**Available data:**
=== Begin Enclosure ===
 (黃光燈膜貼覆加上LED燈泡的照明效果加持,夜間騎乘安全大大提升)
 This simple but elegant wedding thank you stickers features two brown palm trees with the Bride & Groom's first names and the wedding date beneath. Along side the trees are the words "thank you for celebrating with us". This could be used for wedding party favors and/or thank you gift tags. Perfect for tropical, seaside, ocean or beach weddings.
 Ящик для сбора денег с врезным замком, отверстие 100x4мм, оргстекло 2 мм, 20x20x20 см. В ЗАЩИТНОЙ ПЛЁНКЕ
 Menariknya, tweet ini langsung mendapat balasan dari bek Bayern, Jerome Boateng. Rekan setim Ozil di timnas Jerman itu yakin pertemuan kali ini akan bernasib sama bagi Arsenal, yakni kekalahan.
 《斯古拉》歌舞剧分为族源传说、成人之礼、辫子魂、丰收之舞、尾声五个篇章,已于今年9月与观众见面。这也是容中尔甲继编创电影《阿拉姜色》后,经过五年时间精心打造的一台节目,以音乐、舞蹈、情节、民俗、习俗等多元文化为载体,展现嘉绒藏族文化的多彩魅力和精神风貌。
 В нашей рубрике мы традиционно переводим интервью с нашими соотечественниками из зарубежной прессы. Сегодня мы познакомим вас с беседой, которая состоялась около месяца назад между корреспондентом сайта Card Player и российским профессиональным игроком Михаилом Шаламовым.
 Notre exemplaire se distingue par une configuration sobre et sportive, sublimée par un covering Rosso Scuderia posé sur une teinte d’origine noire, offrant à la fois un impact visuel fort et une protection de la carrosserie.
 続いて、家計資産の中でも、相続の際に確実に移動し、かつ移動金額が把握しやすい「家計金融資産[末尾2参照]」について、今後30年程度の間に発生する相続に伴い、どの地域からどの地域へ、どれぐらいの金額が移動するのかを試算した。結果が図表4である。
=== End Enclosure ===
=== Begin Enclosure ===
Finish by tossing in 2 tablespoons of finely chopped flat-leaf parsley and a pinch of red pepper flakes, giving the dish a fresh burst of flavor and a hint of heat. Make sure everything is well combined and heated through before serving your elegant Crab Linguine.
=== End Enclosure ===
=== Begin Enclosure ===
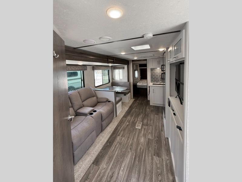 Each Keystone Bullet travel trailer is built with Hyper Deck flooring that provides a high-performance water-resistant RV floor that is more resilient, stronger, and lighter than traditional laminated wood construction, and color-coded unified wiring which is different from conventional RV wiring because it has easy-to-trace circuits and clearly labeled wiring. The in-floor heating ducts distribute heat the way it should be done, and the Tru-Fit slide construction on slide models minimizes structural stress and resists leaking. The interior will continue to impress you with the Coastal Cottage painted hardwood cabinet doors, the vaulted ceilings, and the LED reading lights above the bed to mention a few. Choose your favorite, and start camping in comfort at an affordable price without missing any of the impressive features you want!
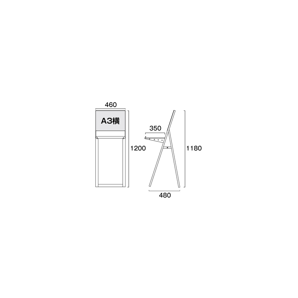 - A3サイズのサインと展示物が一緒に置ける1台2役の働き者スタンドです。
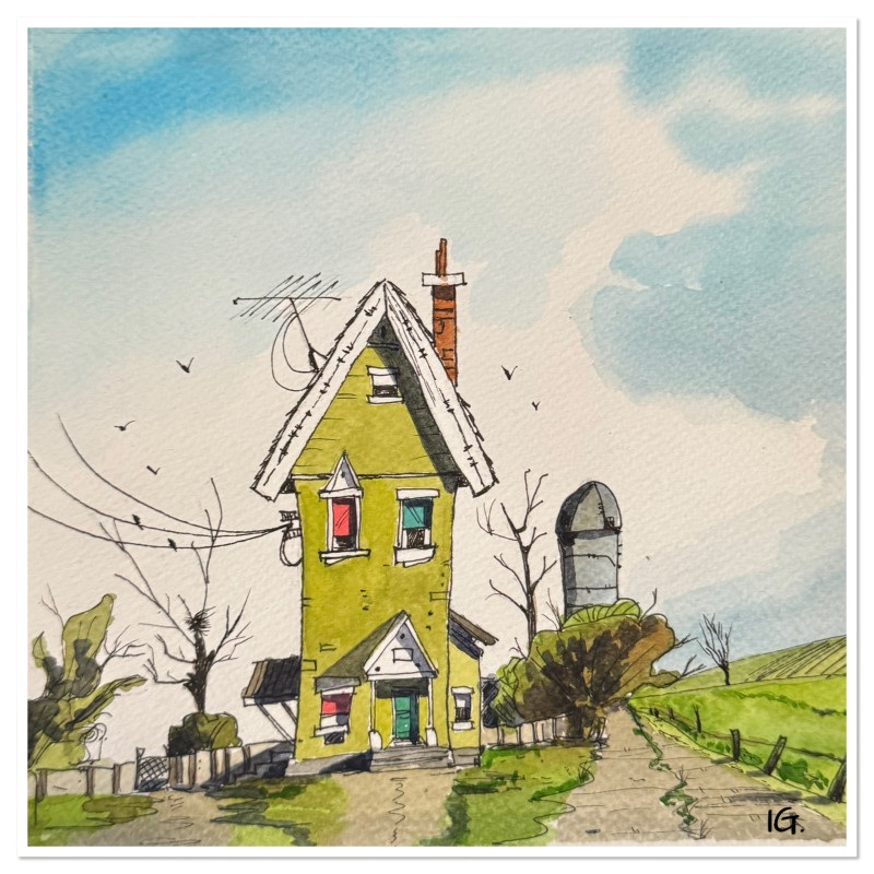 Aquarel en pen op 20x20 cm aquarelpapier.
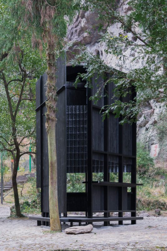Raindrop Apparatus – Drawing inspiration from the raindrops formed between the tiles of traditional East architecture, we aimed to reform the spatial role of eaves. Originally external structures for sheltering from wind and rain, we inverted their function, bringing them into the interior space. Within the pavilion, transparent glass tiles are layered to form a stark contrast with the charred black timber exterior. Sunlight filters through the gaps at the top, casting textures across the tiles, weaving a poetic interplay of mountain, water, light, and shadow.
=== End Enclosure ===
**Task statement:**
Please transcribe exactly the part of the records that opens with the line containing "Aquarel en pen op 20x20 cm aquarelpapier." and closes with the line containing "Raindrop Apparatus –", both ends included, and leave out the pictures.

**Written reply:**
 Aquarel en pen op 20x20 cm aquarelpapier.
Raindrop Apparatus – Drawing inspiration from the raindrops formed between the tiles of traditional East architecture, we aimed to reform the spatial role of eaves. Originally external structures for sheltering from wind and rain, we inverted their function, bringing them into the interior space. Within the pavilion, transparent glass tiles are layered to form a stark contrast with the charred black timber exterior. Sunlight filters through the gaps at the top, casting textures across the tiles, weaving a poetic interplay of mountain, water, light, and shadow.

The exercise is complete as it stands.